Ну, пусть себе идёт, думаем.

На пятый день говорит: «Пришло судно, недалеко, вот только что его не видать, что-то такое мешает». Пошли опять на мысок, даже старик и тот поплёлся. Ничего с мыска не видно, ни одного паруска нигде на горизонте, но зато плавучие льды подошли ближе, и мы увидали несколько лёжек моржей. Страсть заговорила, мы бросились домой, наскоро снарядились в путь, отвалили, поставили паруса и побежали за пролив к дальнему мысу.

Обогнули Митюшев мыс, зашли в Серебряную, видим – точно, моржи – и направились в их сторону на льды. Только что начали огибать последний островок, видим – из-за него мачта показалась, смотрим, немного погодя и судно показалось, норвежское, паруса зарифлены, недалеко лодочка в стороне плывёт... Глазам не верим... Никогда не запомнят самоеды, чтобы в такую пору норвежцы приходили к берегам Новой Земли. Едем к судну, нас заметили, на судне засуетились, высыпали на палубу, подъезжаем, причаливаем, нам подают трап. Зашли на палубу, поздоровались и спрашиваем: откуда это они взялись так рано?

«Из Тромсе», – говорят. Самоеды стали спрашивать про войну; они очень боятся такого случая, думая, что они останутся на этом острове без провизии и, главное, без пороха и свинца. Норвежцы, подделываясь под русский язык, им говорят:

«Война нет, русский царь большой, англичанка маленькой... какой война...». Приглашают в каюту, угощают нас кофе, ромом, показывают ружья; я добираюсь, к удивлению кормщика, до его корабельного дневника, где он записывает ход судна и барометр, начинаю записывать последние числа и становлюсь в тупик. Старуха права. Шесть дней ровно тому назад судно в первый раз подошло к берегу Новой Земли под 75 градусов широты, затем всё время потихоньку шло, лавируя в нашу сторону, и вчера вечером зашло за этот островок, встретило моржей на льдах и стало на якорь, убрав паруса, чтобы отохотиться.

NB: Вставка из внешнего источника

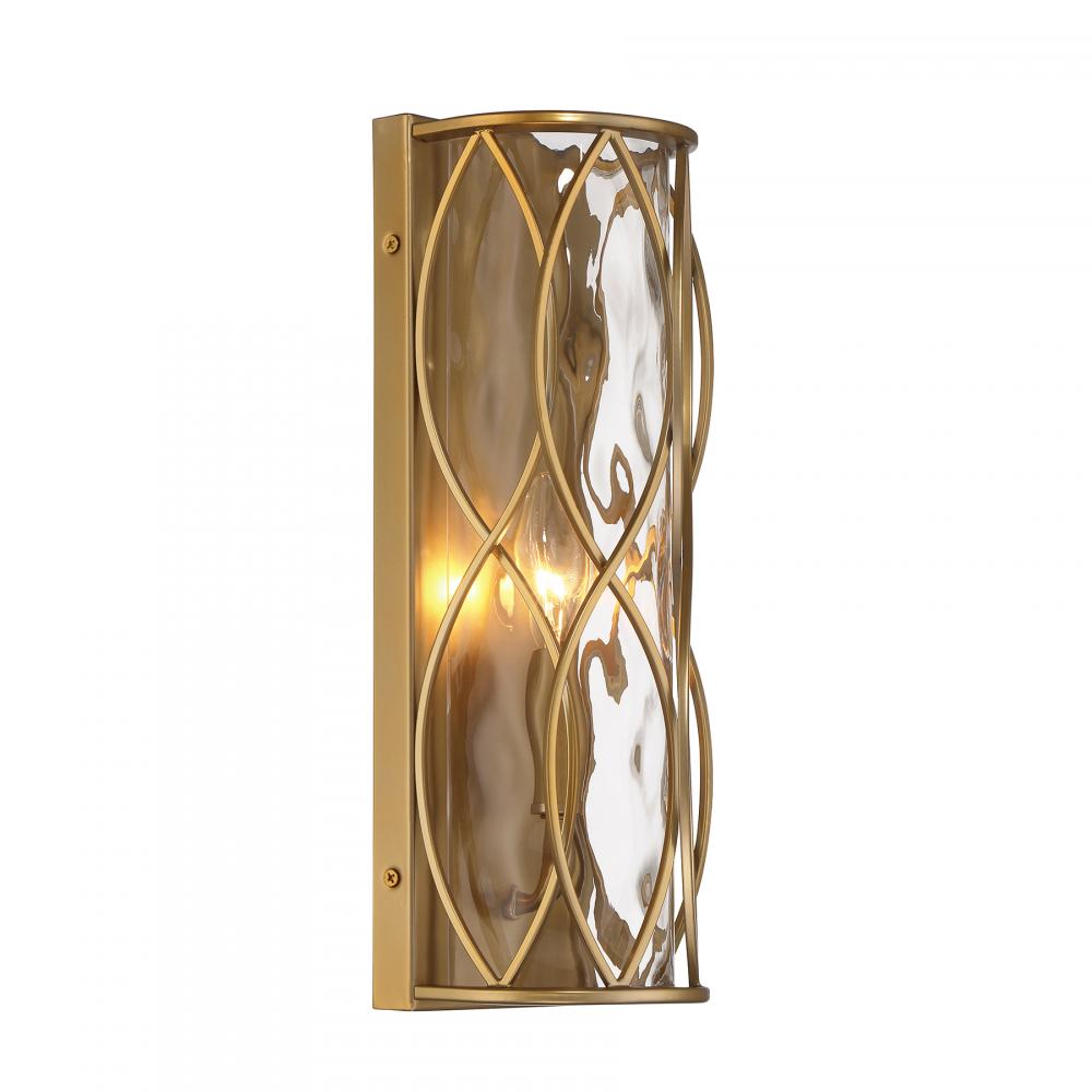 Get an unbelievably cool lighting look with the Savoy House Snowden 1-light sconce. Its tall, slim, cylindrical structure features an intricate curving design that perfectly accentuates the glacier glass shade within. Finished in Burnished Brass. Snowden is 14" in height, 4.75" in width and extends 4" from the wall. It uses a candelabra size bulb of up to 60 watts. The bulb is not included. This sconce is damp area rated.

Вот почему мы его и не видали сегодня, когда старуха сказала, что оно недалеко, вот-вот только что не видно.

Мы возвратились в чум. Вечером чум был навеселе, распивали две бутылки крепкого отвратительного рома, который достался в подарок от норвежцев; старуха, обнявшись со стариком, напевала какую-то грустную песню и целовала его, не забывая и свой портрет за подушкой, и только её черный лукавый глаз, встречаясь со мной, как словно говорил, что она больше меня видит в огне, чем я во всех своих книгах... К книгам моим «весёлая бабушка» имела какой-то суеверный страх, особенно к одной толстой. Когда я, бывало, вечером достаю её из чемодана и подсаживаюсь с ней к огню (это была Библия, из которой я часто рассказывал самоедам), то бабушка просто не сводила с неё глаз. Однажды даже она меня спросила: «Кто это мог написать такую книгу, что всё в ней есть?» Я ей ответил, что её написали такие люди, которым тоже было кое-что открыто из чудес природы. Она проникнулась к ней таким чувством, что стала ею ещё больше интересоваться, и слушала мои рассказы, как никто другой... Мы очень были дружны со старухой, но всё-таки она мне так и не рассказала всего, что я хотел. Мне казалось, что она многое и не могла передать, хотя я знал, что она была не особенно довольна, когда я брался за дневник и записывал, по временам посматривая на неё, то, что она говорила.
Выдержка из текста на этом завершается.